Abramoff sentenced to almost six years
He and a business partner are also to pay restitution of more than $21-million for the SunCruz fraud.
Published March 30, 2006
MIAMI - After telling a judge he is working to become "a new man," disgraced lobbyist Jack Abramoff was sentenced Wednesday to nearly six years in prison for committing fraud in the purchase of a fleet of gambling boats.
He will remain free while helping prosecutors with a bribery investigation that could involve members of Congress.
Abramoff, 47, and former business partner Adam Kidan, 41, received the minimum under federal guidelines: five years and 10 months.

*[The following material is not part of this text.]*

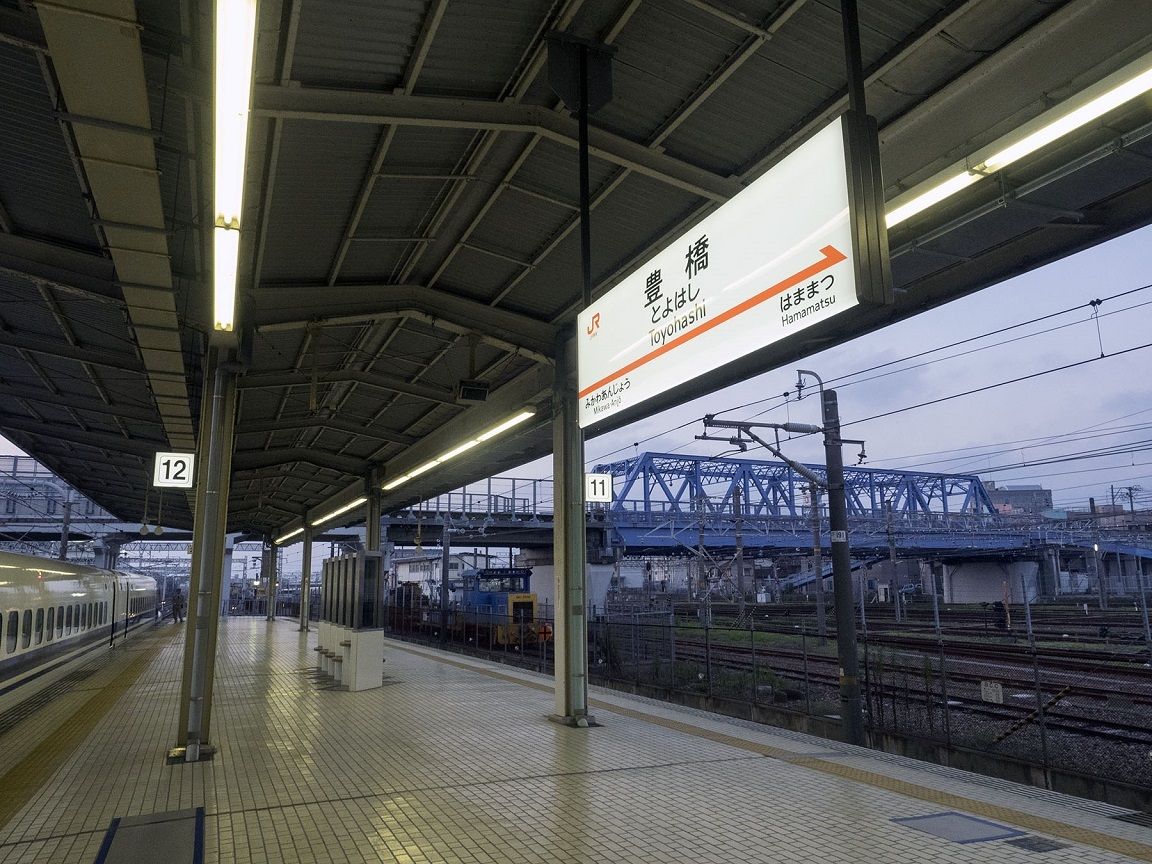 浜名湖を過ぎて愛知県に入った新幹線は、豊橋に到着。ここは17ある東海道新幹線の駅の中でも品川、米原と並んで3カ所しかない、ホームが地上と同じ高さにある駅だ。駅の前後は高架線なのに、豊橋駅周辺だけが地上に降りているのは、駅のすぐ北側(新大阪方)に県道388号線の城海津(しろかいづ)跨線橋があるからだ。

The two pleaded guilty earlier to conspiracy and fraud for concocting a fake $23-million wire transfer to make it appear they were contributing their own money toward the purchase of the $147.5-million SunCruz Casinos gambling fleet. Based on that fraudulent transfer, lenders provided the pair with $60-million in financing.
Abramoff told U.S. District Judge Paul C. Huck that he had started "the process of becoming a new man."
"I am much chastened and profoundly remorseful," Abramoff said. "I can only hope that the Almighty and those whom I have wronged will forgive me my trespasses."
He and Kidan were also ordered to pay restitution of more than $21-million. Both must serve three years' probation after they get out of prison.
Abramoff pleaded guilty in the SunCruz fraud in January. The same week, he pleaded guilty in Washington to defrauding Indian tribes and other lobbying clients out of millions of dollars.
He also agreed to cooperate in a corruption probe that could involve as many as 20 members of Congress. No date has been set for his sentencing in that case.
The judge in the Miami case said Abramoff and Kidan will not have to report to prison for at least 90 days so they can continue cooperating with investigators in the corruption case and the slaying of former SunCruz owner Konstantinos "Gus" Boulis.